Contrary to our expectations, the methanogen isolates from subseafloor sediments were very closely related to previously characterized (cultivated) methanogens. Although the novelty of the isolated methanogens is unfortunately low from a taxonomic perspective, our results are consistent with previous culture-independent molecular studies, which have also detected sequences closely related to previously isolated methanogens, such as Methanosarcina and Methanobrevibacter (for example, Marchesi et al., 2001; Newberry et al., 2004). Among the bacterial isolates, strains MO-CFX1 and MO-CFX2 belonging to the Chloroflexi subphylum I, and strains MO-SPC1 and MO-SPC2 belonging to the genus Spirochaeta are of note (Figures 5a–d) because these bacterial components have been frequently reported as some of the predominant microbial components in marine subsurface environments (for example, Toffin et al., 2004; Inagaki et al., 2006; Fry et al., 2008; Webster et al., 2009). To our knowledge, these strains are the first isolates of these bacterial groups from marine subsurface environments. In addition to these bacterial strains, strain MO-XQ (Figure 5f) may be one of the major anaerobic heterotrophs in organic-rich marine sediments and an ecologically significant microbial component. The most closely 16S rRNA gene sequence to strain MO-XQ was found in riser-drilling mud fluids from the same drilling site offshore the Shimokita Peninsula of Japan (GenBank accession no. AB369171; 99% sequence similarity; Masui et al., 2008). The detailed isolation procedures and physiological properties of these isolates will be reported in the near future.
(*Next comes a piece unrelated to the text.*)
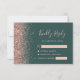 Det moderna kanten i elegantens lämnar djurutrymme i bröllop OSA har ett ro faux glitter gräns i guld. Anpassadet kombinerar handskrift, rityta och kursivt typsnitt på blek ro färgad med mörk grönt bakgrund. Den omvända sidan har en passande mörk grönt utformning och ro guld.

Given the data presented here, the reactor method is a promising cultivation technique to cultivate subseafloor sedimentary microorganisms. In the future, we will further develop the new DHS reactor system for the successful cultivation of various uncultured subseafloor life, targeting some key biogeochemical players in Earth's carbon and nitrogen cycling. For example, in situ pressure, temperature and pH are significant environmental factors controlling the habitability of life in the deep biosphere. The next generation of our bioreactor system will be further improved by integrating the controllability of these geophysical and geochemical constraints into the reactor cultivation system. These are our ongoing foci.